Saint Boniface is a city ward of Winnipeg that is the centre of much of the Franco-Manitoban community. It features such landmarks as the St. Boniface Cathedral, Boulevard Provencher, the Provencher Bridge, Esplanade Riel, St. Boniface Hospital, the Université de Saint-Boniface and the Royal Canadian Mint. It covers the southeast part of the city and includes le Vieux Saint-Boniface (Old St. Boniface), Norwood, Windsor Park, Southdale, Southland Park, Royalwood, Sage Creek and Island Lakes, plus a large industrial area. The ward is represented by Matt Allard, a member of Winnipeg City Council, and also corresponds to the neighbourhood clusters of St. Boniface East and West. The population was 54,201 according to the Canada 2011 Census.
==History==

Succeeding cultures of indigenous peoples lived in the area for thousands of years before European exploration. It was an area of historic Ojibwe occupation.

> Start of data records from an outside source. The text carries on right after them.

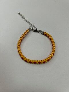 全長(金具・アジャスター含め)約23cm・紐部分の長さ約14cm 黄色・赤の絹糸を使用した、一重タイプの組紐ブレスレットです。 ※国内配送のみ 色味等、光の加減で見え方が異なる場合もございます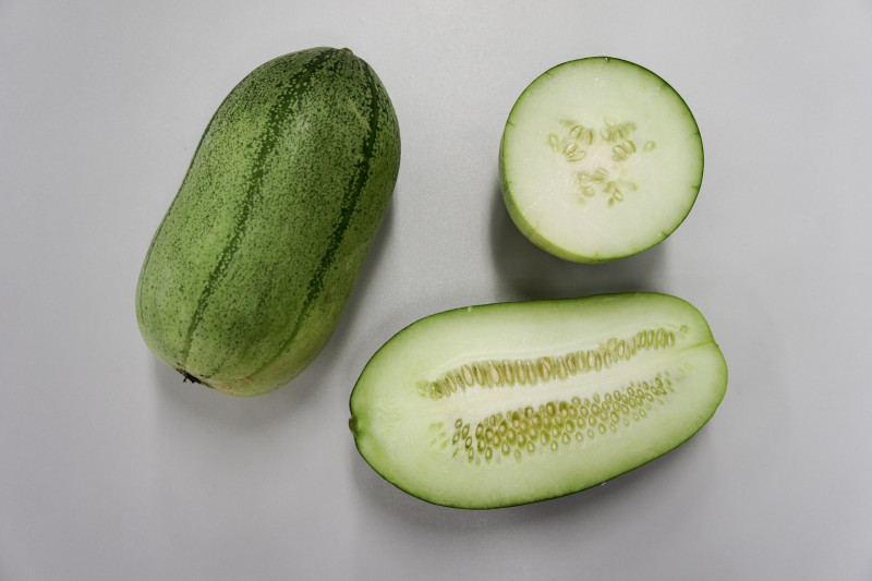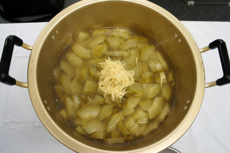 かりもりは縞目に皮をむき、縦4等分に切って、種をとる。1㎝厚さの輪切りにする。しょうがはせん切りにし、水にさらす。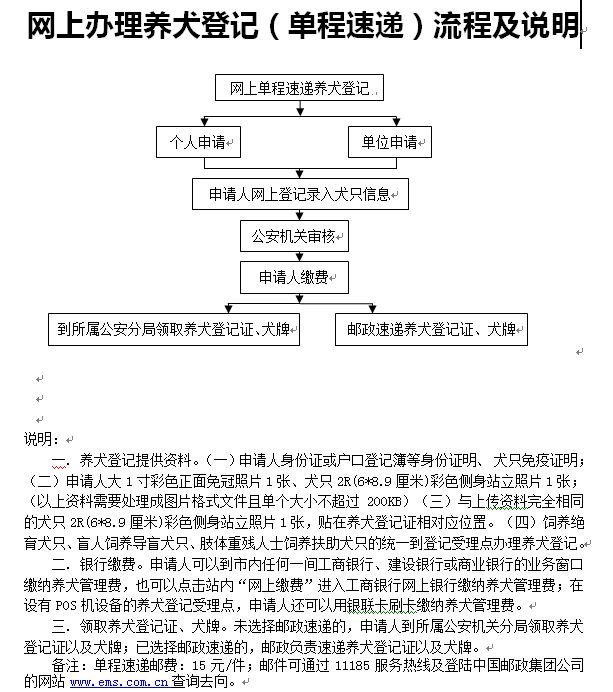 養犬人居所房產證或房屋租賃合同 原件復印件各一份 |

Fur traders and European mercenaries hired by Lord Selkirk to protect his fledgling Red River Colony were among the area's first European settlers. With the founding of a Roman Catholic mission in 1818, St Boniface began its role in Canadian religious, political and cultural history - as mother parish for many French settlements in Western Canada; as the birthplace of Louis Riel and fellow Métis who struggled to obtain favourable terms for Manitoba's entry into Confederation; and as a focus of resistance to controversial 1890 legislation to alter Manitoba's school system and abolish French as an official language in the province (see Manitoba Schools Question).

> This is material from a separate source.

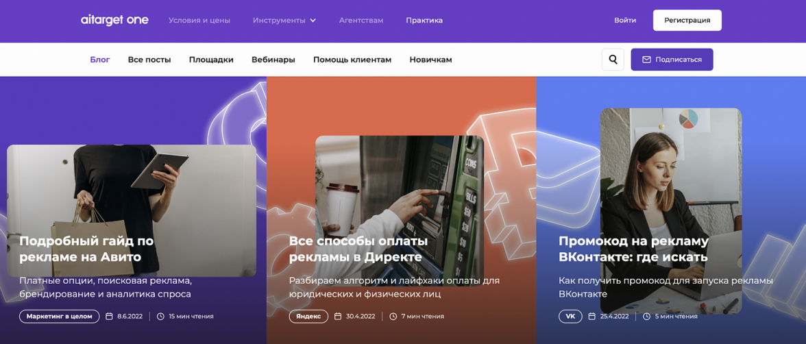Так выглядит блог Aitarget One. Статьи блога отвечают на вопросы аудитории о рекламе

French-speaking religious orders, including the Sisters of Charity of Montreal (better known as the Grey Nuns), who arrived in 1844, founded the early educational, cultural and social-service institutions, such as St. Boniface Hospital, the first in Western Canada. Early French-speaking missionary Catholic priests in the region founded the Collège de Saint-Boniface (dating to 1818) to teach Latin and general humanities to the local boys; it is now the Université de Saint-Boniface.

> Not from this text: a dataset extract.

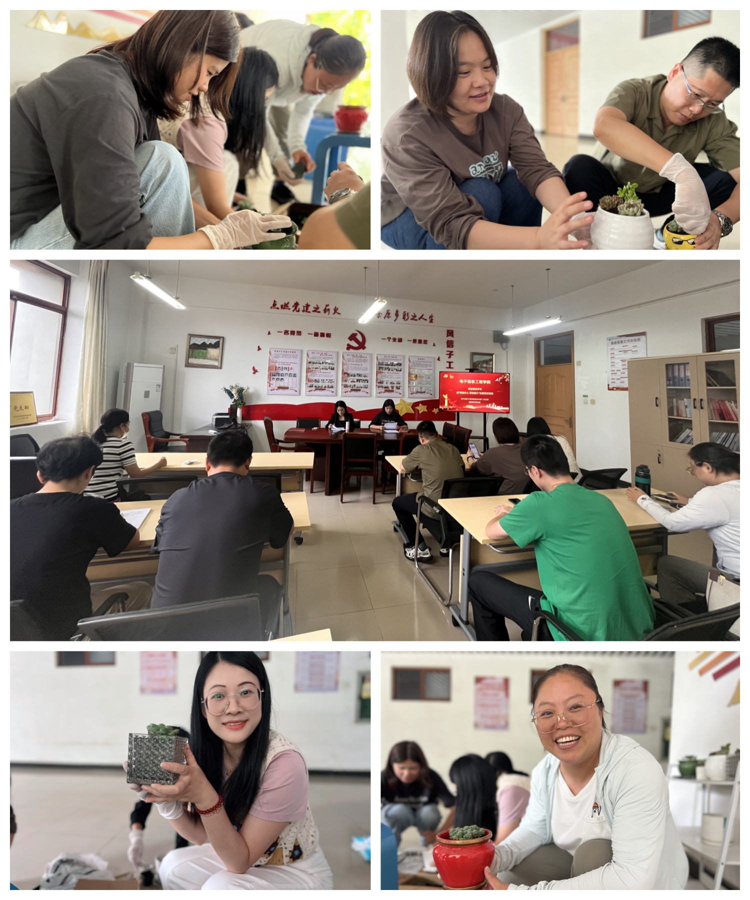 为深化学习效果,党员们来到宏博楼2楼平台,开展了生态环保实践活动。大家分组协作,将一棵棵象征希望的绿植种入盆中,以实际行动为绿化家园、改善生态环境贡献力量。

The early economy was oriented to agriculture. Industrialization arrived in the early 20th century. The Union Stockyards, developed 1912-13, became the largest livestock exchange in Canada and a center of the meat-packing and -processing industry. By the early 1900s, numerous light and heavy industries were established. St Boniface was incorporated as a town in 1883 and as a city in 1908.
In 1971, St. Boniface was amalgamated, along with several neighboring communities, into the City of Winnipeg.〔(【引用サイトリンク】title=Winnipeg: Government and Politics )〕 As one of the larger French communities outside Québec, it has often been a centre of struggles to preserve French-Canadian language and culture within Manitoba.